Friedländer was the third and last son of Raphael Israel Friedländer and Betty Friedländer née Wagner. Prior to moving to Hamburg, Friedländer's father worked as a merchant. After the move however, Raphael joined a guild of professional lithographers and opened a small lithography shop. Friedländer first received informal training at his father's shop and in the summer of 1865, went to Berlin for more formal instruction. By 1868, Friedländer was apprenticed to top German lithographers. In 1872 Friedländer returned to Hamburg and began working as an independent printmaker. On 1 April 1875 he married one Sarah Berling, also from Hamburg, under Jewish rites.

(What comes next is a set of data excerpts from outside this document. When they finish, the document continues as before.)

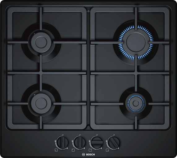Газовая варочная панель Bosch PGP6B6B90R на 4 конфорки, шириной 58.2 см, черный
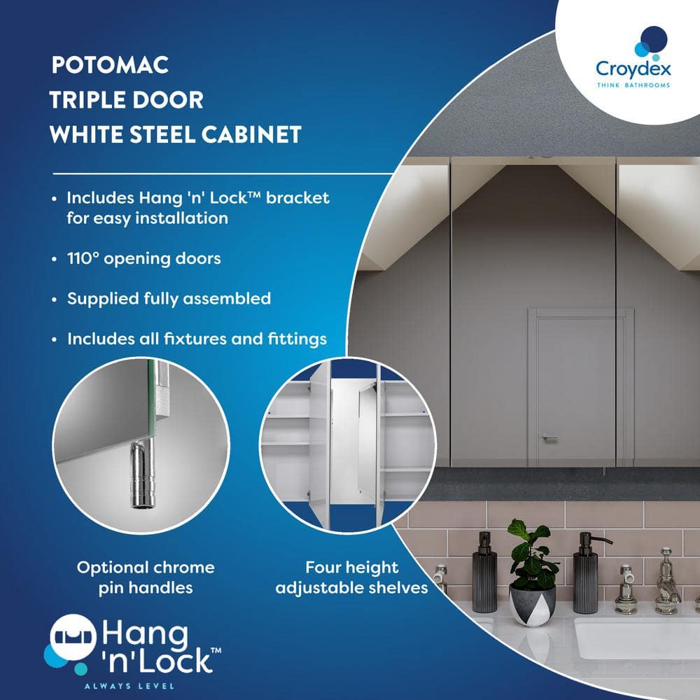 The Croydex Potomac Triple Door Medicine Cabinet combines elegance and convenience with a robust white steel construction and expansive mirrored surfaces. Featuring self-closing hinges and customizable shelving, this cabinet integrates seamlessly into any bathroom, providing ample storage and ease of access. Enhance your bathroom decor with its stylish design and enjoy hassle-free installation using the Hang 'N' Lock bracket.
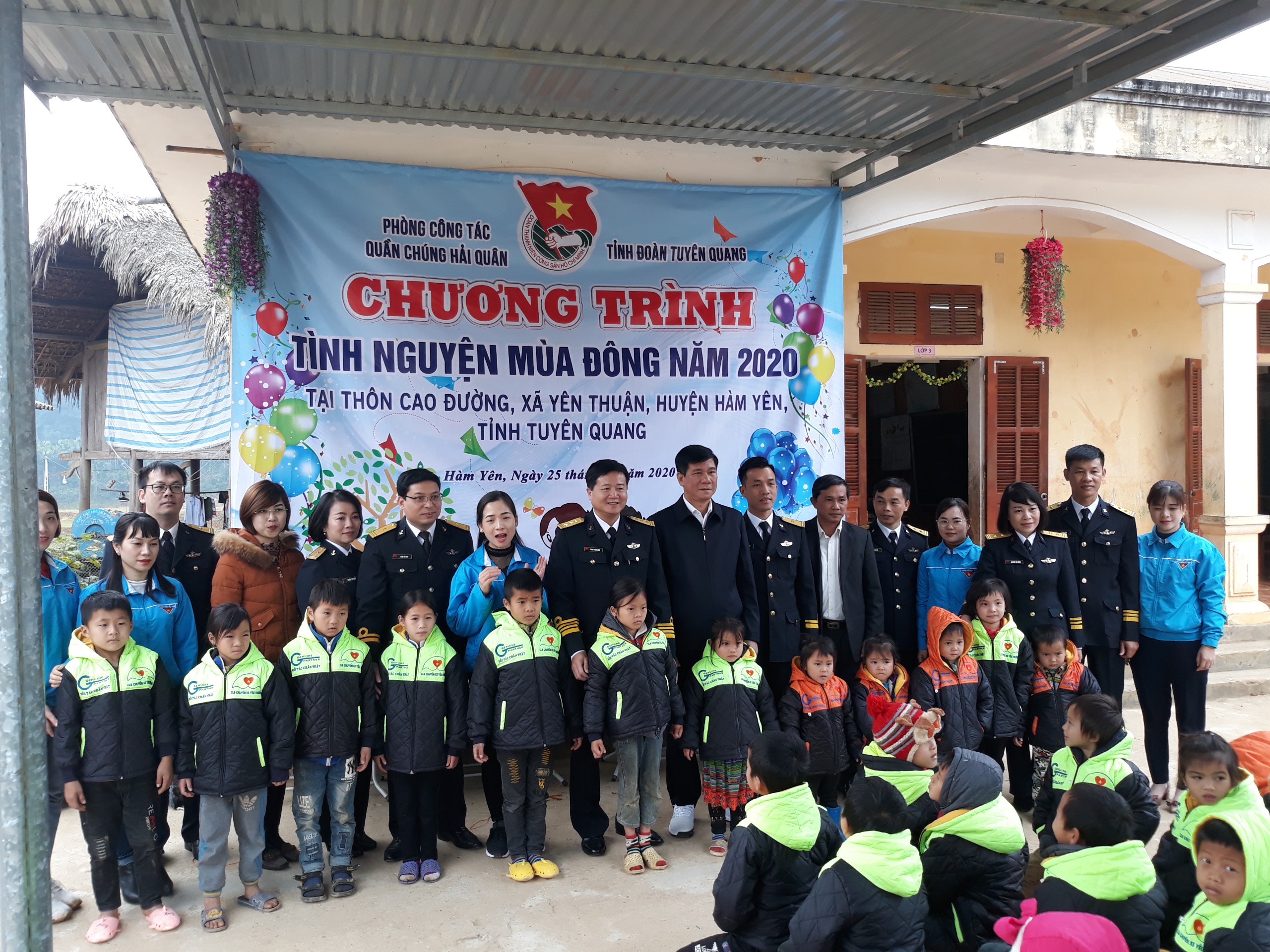 Dịp này, Phòng Công tác quần chúng đã tổ chức khánh thành, bàn giao công trình khu vui chơi cho thanh, thiếu nhi và tặng 200 áo ấm cho học sinh thôn Cao Đường, xã Yên Thuận, huyện Hàm Yên với tổng số tiền trị giá hơn 70 triệu đồng. Đại diện Phòng Công tác quần chúng đã trao tặng Tỉnh đoàn Tuyên Quang 40 tập thơ "Bức họa Trường Sa" của tác giả Chuẩn Đô đốc Đặng Minh Hải, Phó Chính ủy Hải quân.
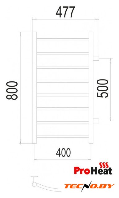 водяной, "лесенка", нержавеющая сталь, подключение боковое (500 мм, 1"), 80x57.7 см, цвет: хром
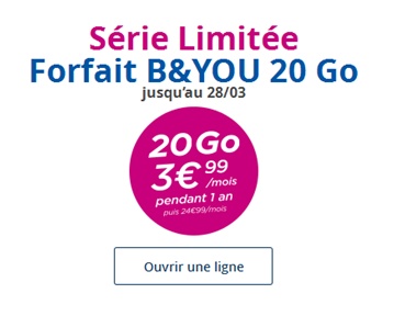 L’opérateur Bouygues Telecom multiplie actuellement les offres promotionnelles et propose un forfait sans engagement B&YOU 24/24 20Go à seulement 3.99€ par mois pendant 12 mois au lieu de 24.99€. Cette offre disponible en exclusivité web pour tout le monde est proposée jusqu’au 28 mars inclus. Ne perdez pas de temps !
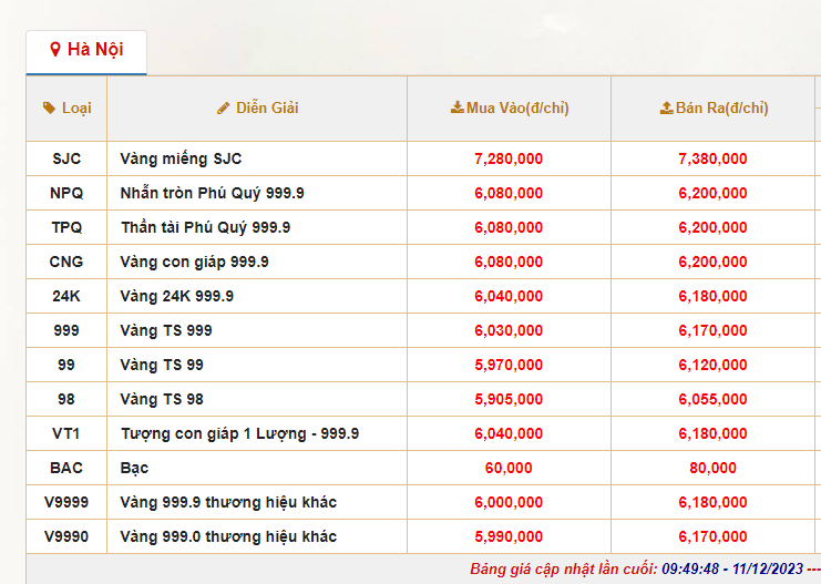 | Giá vàng niêm yết tại Phú Quý. Ảnh chụp màn hình lúc 10h ngày 11/12/2023 |

After his father died, Friedländer inherited his old lithographic press and set up shop in the St. Pauli quarter of Hamburg. He initially concentrated on label printing for kolonialwaren and delikatesswaren (types of gourmet grocers). Friedländer's shop was located nearby to the Spielbudenplatz, an area of numerous beer halls, vaudeville theaters, music halls and other exhibition spaces. Deciding these presented a better business opportunity, he abandoned label printing and focused instead on selling posters to these businesses utilizing the complex four-color lithographic process he had learned in France. Friedländer breakthrough moment came when he received large orders of posters advertising Carl Hagenbeck's animal shows in 1883 and 1884.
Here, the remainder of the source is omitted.